At the memorial on Tuesday, Ghauri made a statement on behalf of the Moorhead Fargo Islamic Center, saying that his nephew, Jonathon Larson, from Minnesota, served with Wallin in Afghanistan.

“Islam is a peaceful religion that condemns the use of violence against innocents, including police officers, firefighters and other first responders performing their duties. Further, it is the civic and religious duty of Muslims to cooperate with law enforcement and protect the lives of all civilians,” Ghauri said.

Cani Adan of the Afro American Development Association and Fowzia Adde, executive director of the Immigrant Development Center in Moorhead, said they’re also searching for information on who Barakat was and how he came to the Fargo area.

Adan and Adde condemned the violent act, which also injured officers Andrew Dotas, Tyler Hawes and bystander Karlee Koswick. Officer Zachary Robinson shot and killed Barakat at the scene.

After the shooting, The Forum spoke with neighbors of Barakat at two apartment complexes where he used to live, and all said they did not know him.

“Within us there is one bad apple. We have to throw away the bad apple, but don’t destroy everyone else,” said Adde, who is a Muslim originally from Somalia.

“This is not good for the Muslim community. It is a sad time in our community because we’ve been trying to work hard to fit in, you know, to melt in the pot. We have been working so hard to prove to the community that we are ordinary people,” she added.

Adde said the Muslim community is “thankful for the Fargo police as they’ve been changing for the better.”

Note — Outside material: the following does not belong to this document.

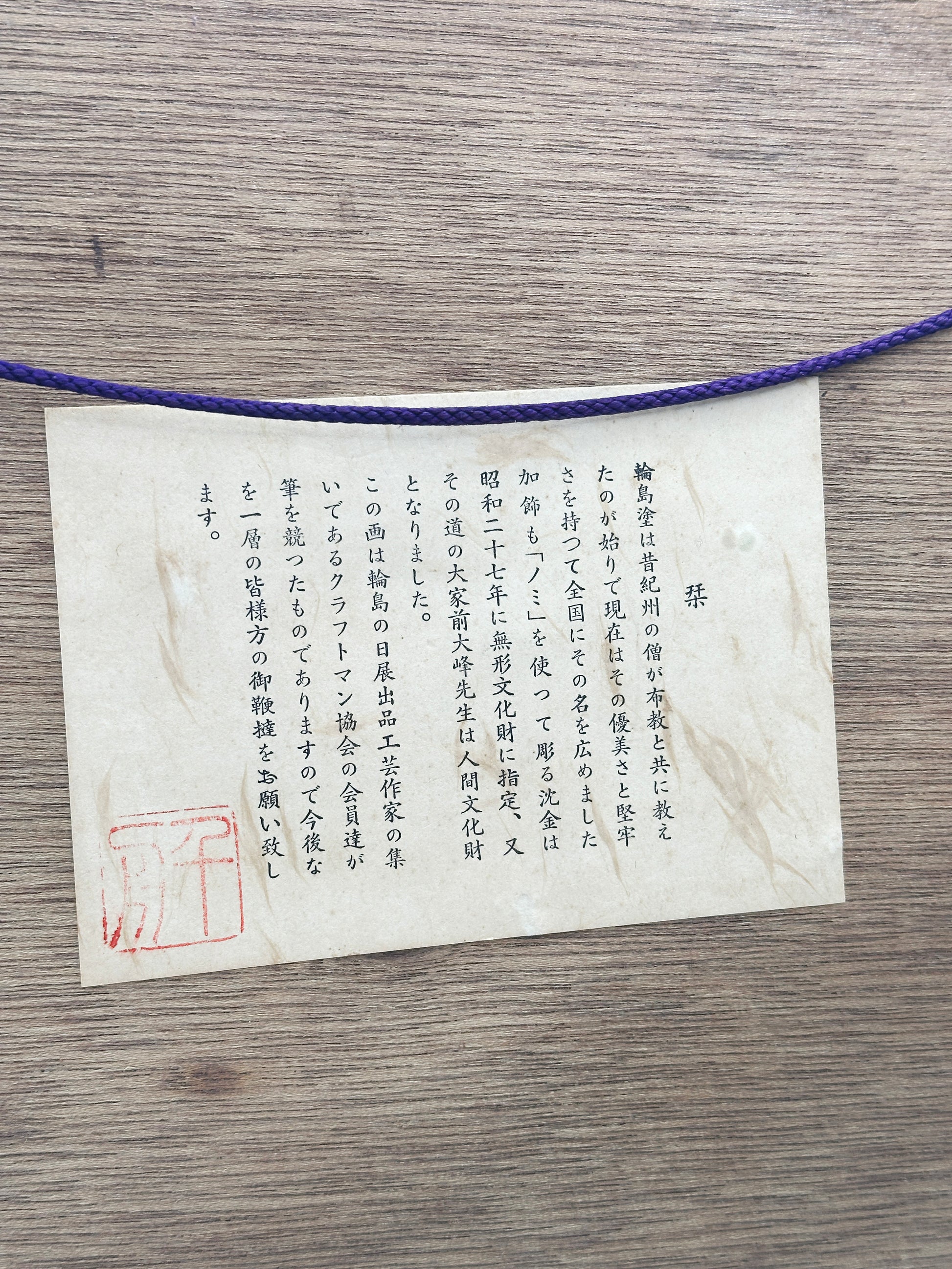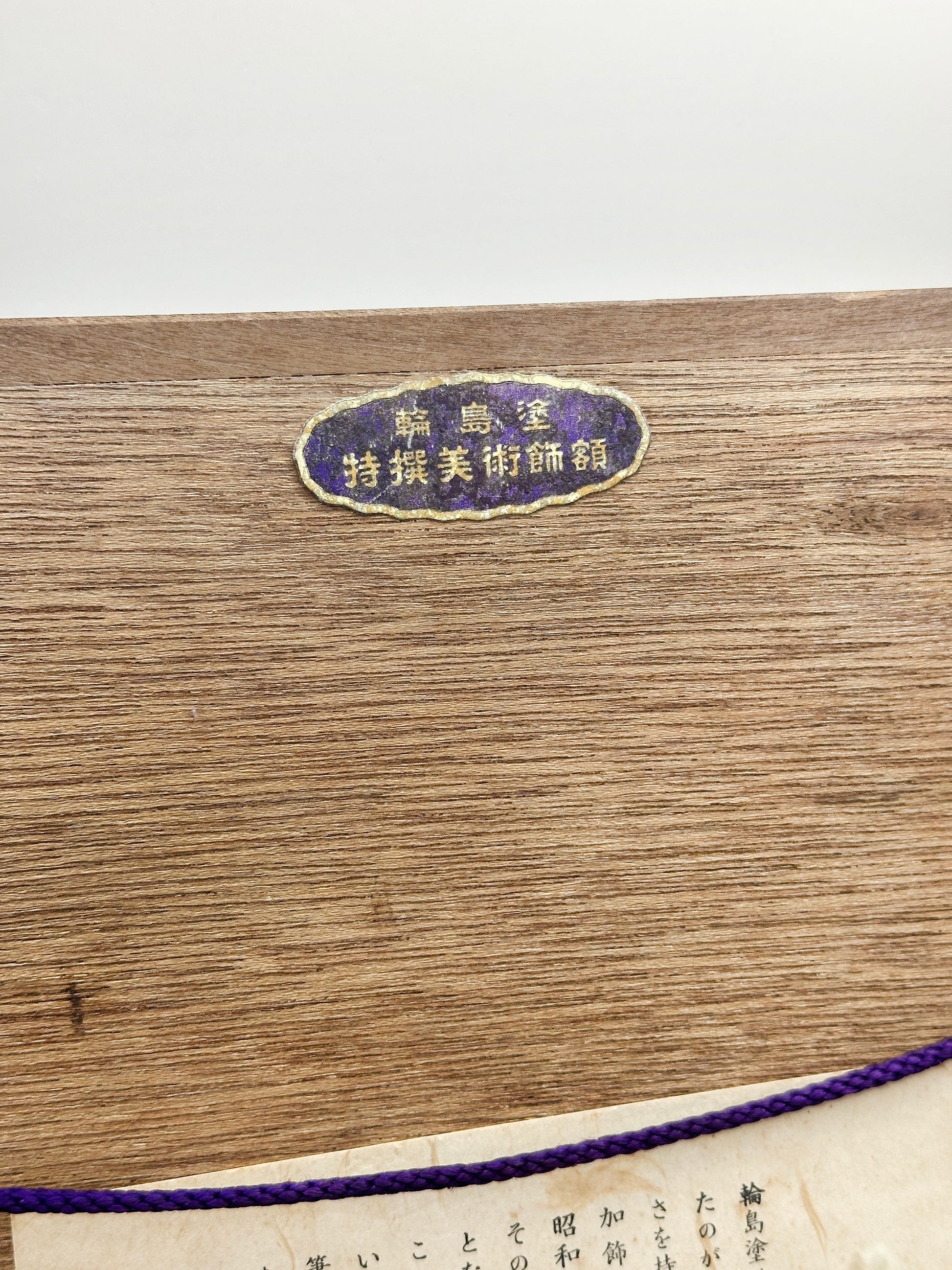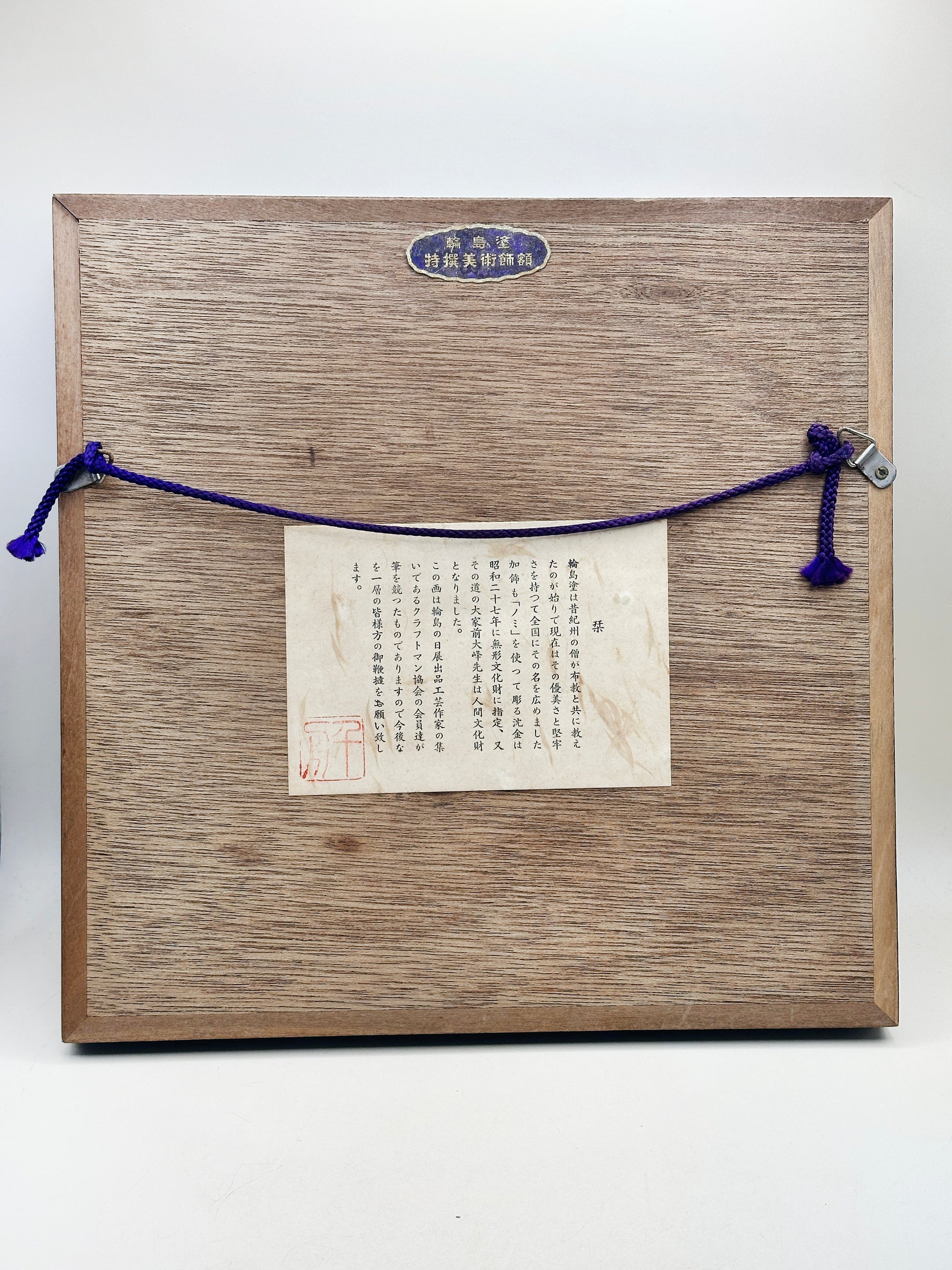The panel is mounted within a textured natural-fabric mat and a dark wooden frame, creating a calm, understated contrast that draws the eye inward. On the reverse, the original paper label explains the history and prestige of Wajima lacquerware: its origins in Buddhist craftsmanship, its use of jinoko (diatomaceous earth) for durability, and its designation in 1952 as an Important Intangible Cultural Property of Japan. The plaque on the frame further identifies the work as by a Wajima-nuri certified master craftsman.

“They’re trying to reform, trying to hire minorities. I am not against them,” Adde said.

Adde and others are concerned about how the wider Fargo-Moorhead community will react to Friday’s violence.

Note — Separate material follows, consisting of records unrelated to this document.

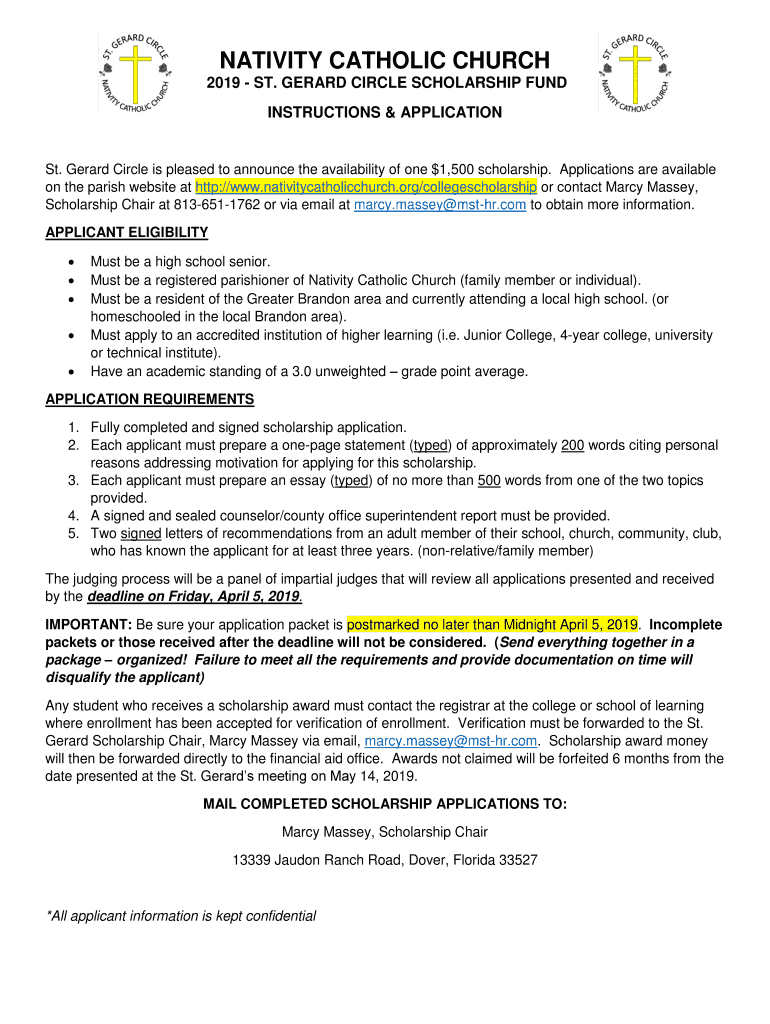 NATIVITY CATHOLIC CHURCH 2019 ST. GERARD CIRCLE SCHOLARSHIP FUND INSTRUCTIONS & Applications. Gerard Circle is pleased to announce the availability of one $1,500 scholarship. Applications are available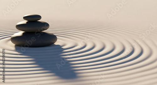 Serene stacked stones on rippled sand evoke tranquility and mindful balance for wellness and spa concepts.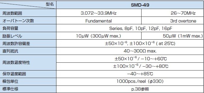 KDS水晶振子,SMD49貼片晶振,石英晶體諧振器,頻率范圍3.072MHz~70.0MHZ,可以支持從低溫到高溫的廣泛運行溫度范圍,頻率穩定度卓越,耐撞擊性、耐振性等高可靠性,支持自動貼裝、回流焊,依據AEC-Q200,無鉛RoHS/ELV對應.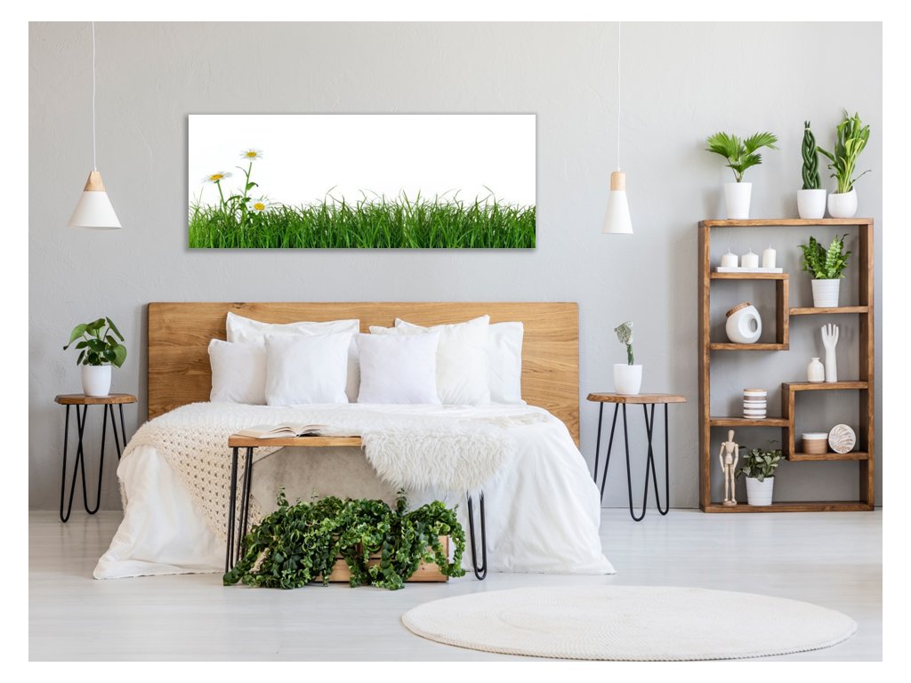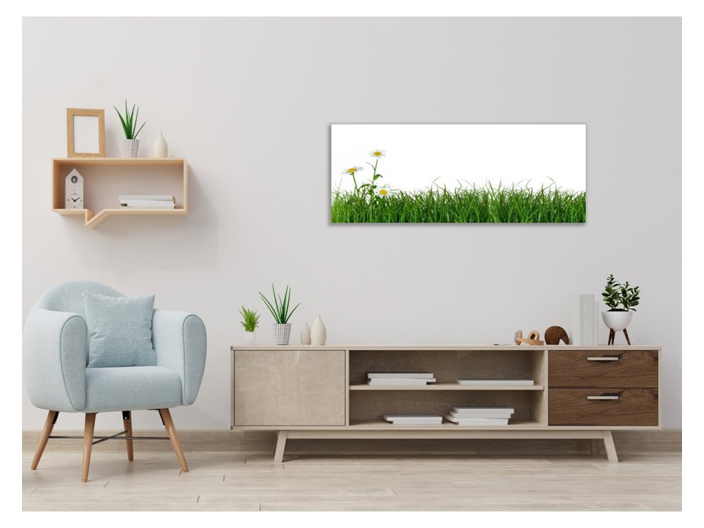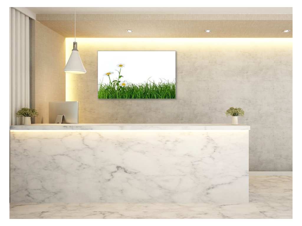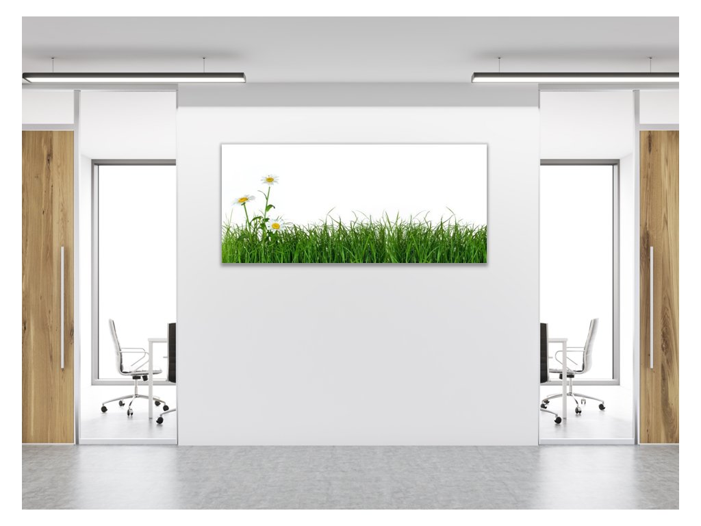 Obraz skleněný tráva s květem kopretiny

Already, a newly-placed poster found Monday along 10th Street South advertised the Patriot Front, saying “Reclaim America.”

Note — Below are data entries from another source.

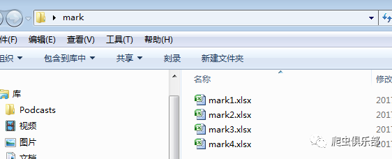 比如,爬虫君现在有4个excel文件放在E:/桌面/mark文件夹中。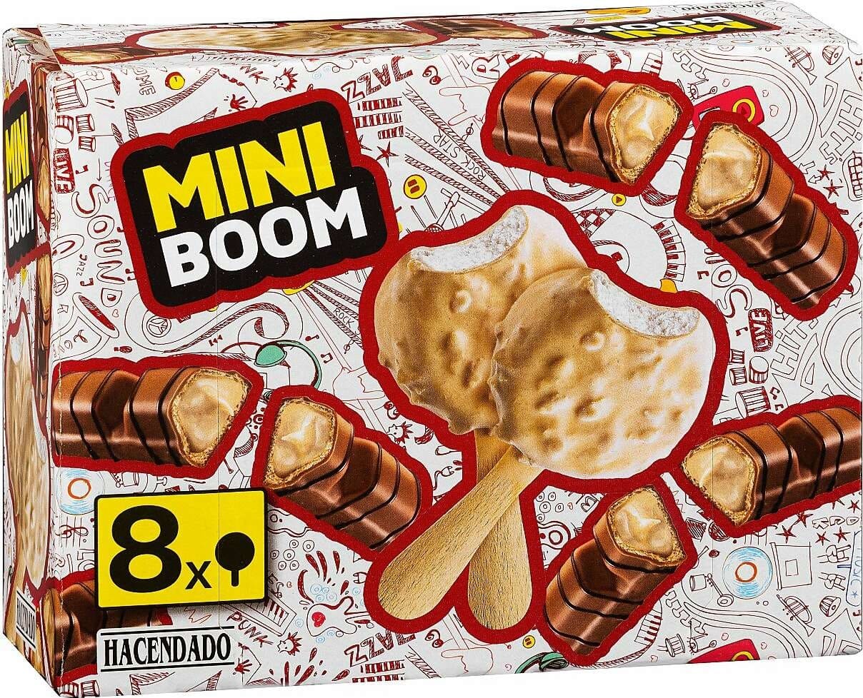 Vamos a terminar con mini boom, el último de los helados del supermercado valenciano. Se trata de un helado hecho de barritas de chocolate y avellanas, muy similares al Kinder Bueno que todos conocemos. Es un helado redondo de pequeño tamaño, recubierto con la crema de avellanas y con una textura muy cremosa, a la cual se le añaden trozos de barquillo crujiente.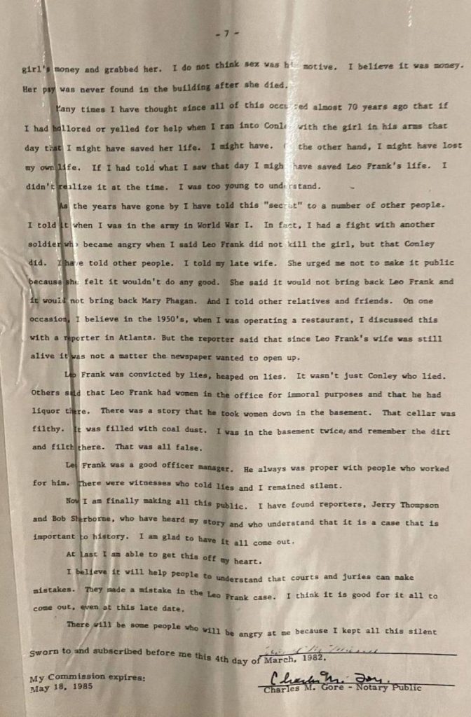 As the years have gone by I have told this "secret" to a number of other people. I told it when I was in the army in World War 1. In fact, I had a fight with another soldier who became angry when I said Leo Frank did not kill the girl, but that Conley did. I have told other people. I told my late wife. She urged me not to make it public because she felt it wouldn't do any good. She said it would not bring back Leo Frank and it would not bring back Mary Phagan. And I told other relatives and friends. On one occasion, I believe in the 1950's, when I was operating a restaurant, I discussed this with a reporter in Atlanta. But the reporter said that since Leo Frank's wife was still alive it was not a matter the newspaper wanted to open up.

High up on a wall behind the stage in Broadway Square a similar message was also spray painted.

The Patriot Front is a white nationalist hate group that formed after the deadly “Unite the Right” rally in Charlottesville, Virginia, in 2017, according to the Southern Poverty Law Center, a civil rights nonprofit that tracks hate groups.

In 2022, there were at least three instances of vandalism with the words Patriot Front on businesses and tunnels in the Fargo-Moorhead area.

Terry Hogan, director of diversity, equity and inclusion for the city of Fargo, condemned all forms of hate while he, too, visited the memorial for Wallin on Tuesday.

“Hate is not warranted here in the city of Fargo. We have good law-abiding citizens and they should not be subjected to this stuff,” Hogan said of the Patriot Front signs.

Ghauri and Adde both questioned whether Barakat was mentally stable.

“I’m not making excuses for this evil person, but at the same time the refugee community goes through a lot of trauma, particularly those who have gone through war. When we arrive we don’t get the proper mental care. And that’s something that needs to be evaluated. When a refugee arrives they go through a health screen. I wish the same health screen would include a mental health screen, too,” Adde said.

Makaran said the only answer now is for the community to come together to help each other heal.

“If one member of our community gets sick, it affects all of us. This person damaged us, but we can come together to help the family who was hurt,” Makaran said.

“The question we should be asking is what can we do for the family now? This is what we should think, all of us: Take care of the family, that is our goal,” Ghauri said.